Opinion
No. ZZ-400.
December 29, 1981.
Appeal from the Deputy Commissioner.
Bernard J. Zimmerman and William G. Berzak of Akerman, Senterfitt Eidson, Orlando, for appellants.
Richard R. Roach, Jr., of Woods Roach, Lakeland, for appellee.
Appellants, employer/carrier, appeal from the deputy commissioner's order awarding temporary disability benefits to appellee. We reverse.
In August 1979, appellee injured the tip of her right index finger in a work-related accident. Her treating physician was of the opinion that by January 2, 1980, appellee had reached maximum medical improvement and that she could return to work at least on a trial basis with no medical restrictions. In February 1980, the treating physician assigned a 15% permanent partial impairment to the finger. Upon being released by the treating physician in January 1980, appellee, who was at that time two months pregnant, began a job search. She testified that several of her potential employers became uninterested in employing her when they learned that she was pregnant and that she had had a workers' compensation claim. Other potential employers had no job openings. She testified that she felt she was able to perform the various jobs. After failing to find a job elsewhere, appellee moved to her parents' farm where, during January and February, she took care of the livestock, cut grass, and performed general maintenance in exchange for a reduction in rent. Her father's testimony indicated that she was still helping with the farm work at the time of the hearing.
After the hearing, the DC found appellant entitled to temporary partial disability benefits for January and February and to temporary total disability benefits from March 1, 1980, until June 8, 1980. He made no ruling on the date of maximum medical improvement.
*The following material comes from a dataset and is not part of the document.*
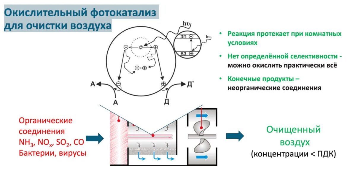Для решения задачи по удалению молекулярных примесей из газовоздушных смесей используются разные подходы, но наиболее эффективным способом очистки воздуха от малых концентраций загрязняющих веществ при комнатных условиях является фотокаталитическое окисление. Данный способ окисления основан на том, что под действием квантов света с энергией, превышающей ширину запрещенной зоны полупроводникового фотокатализатора, происходит образование электрон-дырочных пар в объеме фотокатализатора. Образовавшиеся электрон и дырка могут мигрировать к поверхности фотокатализатора и принимать участие в окислительно-восстановительных реакциях с адсорбированными соединениями. Тем самым обеспечивается высокая скорость окисления даже в случае малых концентраций загрязняющих веществ при комнатных условиях.
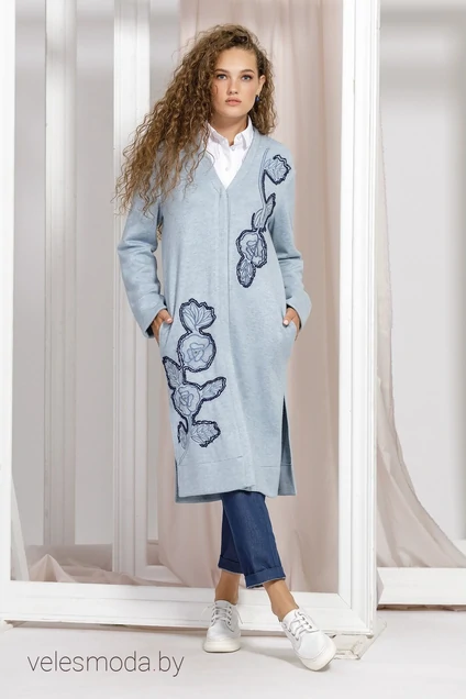 Кардиган свободного кроя из трикотажного полотна, со спущенной линией плеча. По переду планка с застежкой на пришивные кнопки. Рукав длинный с отложной манжетой. В боковых швах функциональные карманы. Низ на обтачке, в боковых швах разрезы. По передним полочкам декорирован авторской вышивкой. Длина 111 см, рукав 60 см.

The only medical evidence in the record (the testimony of the treating physician) indicates that appellee had reached maximum medical improvement and was able to return to work by January 2, 1980. Even appellee's own testimony shows that she could have worked after January 2, 1980, if she could have found a job. She testified that she felt she could perform just about any job within her experience, and she actually did do farm labor for her parents. The evidence does not show that her inability to obtain a job was due to her injury. Thus, an award of temporary total or temporary partial disability after January 2, 1980, was error. Compare Lehigh Corp. v. Byrd, 397 So.2d 1202 (Fla. 1st DCA 1981).
REVERSED.
ROBERT P. SMITH, Jr., C.J., and MILLS, J., concur.